_Work instruction_.
Look below for the line with "下图是主流新闻网站选举前夕日" and the line with "Mick Mongold was"; repeat exactly those two lines and all lines between them, but no pictures.

_Data for analysis_.
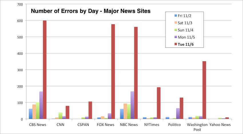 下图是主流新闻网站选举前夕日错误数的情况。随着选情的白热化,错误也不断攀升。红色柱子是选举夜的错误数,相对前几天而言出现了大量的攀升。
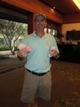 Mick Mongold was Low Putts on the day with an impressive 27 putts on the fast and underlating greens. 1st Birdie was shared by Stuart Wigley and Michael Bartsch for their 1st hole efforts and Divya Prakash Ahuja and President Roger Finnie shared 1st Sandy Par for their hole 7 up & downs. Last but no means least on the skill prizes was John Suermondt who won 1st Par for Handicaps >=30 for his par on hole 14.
--
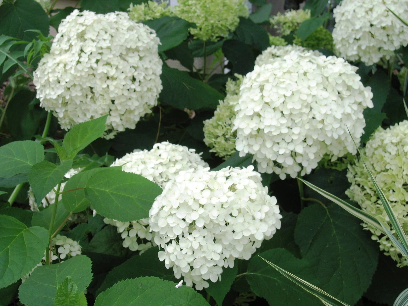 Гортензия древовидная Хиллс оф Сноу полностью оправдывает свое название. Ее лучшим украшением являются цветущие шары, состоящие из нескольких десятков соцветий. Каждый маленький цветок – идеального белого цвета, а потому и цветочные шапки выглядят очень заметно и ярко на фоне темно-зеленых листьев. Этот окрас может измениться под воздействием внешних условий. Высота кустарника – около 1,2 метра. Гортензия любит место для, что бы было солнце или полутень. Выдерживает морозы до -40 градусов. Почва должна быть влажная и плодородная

_Reply_.
 下图是主流新闻网站选举前夕日错误数的情况。随着选情的白热化,错误也不断攀升。红色柱子是选举夜的错误数,相对前几天而言出现了大量的攀升。
 Mick Mongold was Low Putts on the day with an impressive 27 putts on the fast and underlating greens. 1st Birdie was shared by Stuart Wigley and Michael Bartsch for their 1st hole efforts and Divya Prakash Ahuja and President Roger Finnie shared 1st Sandy Par for their hole 7 up & downs. Last but no means least on the skill prizes was John Suermondt who won 1st Par for Handicaps >=30 for his par on hole 14.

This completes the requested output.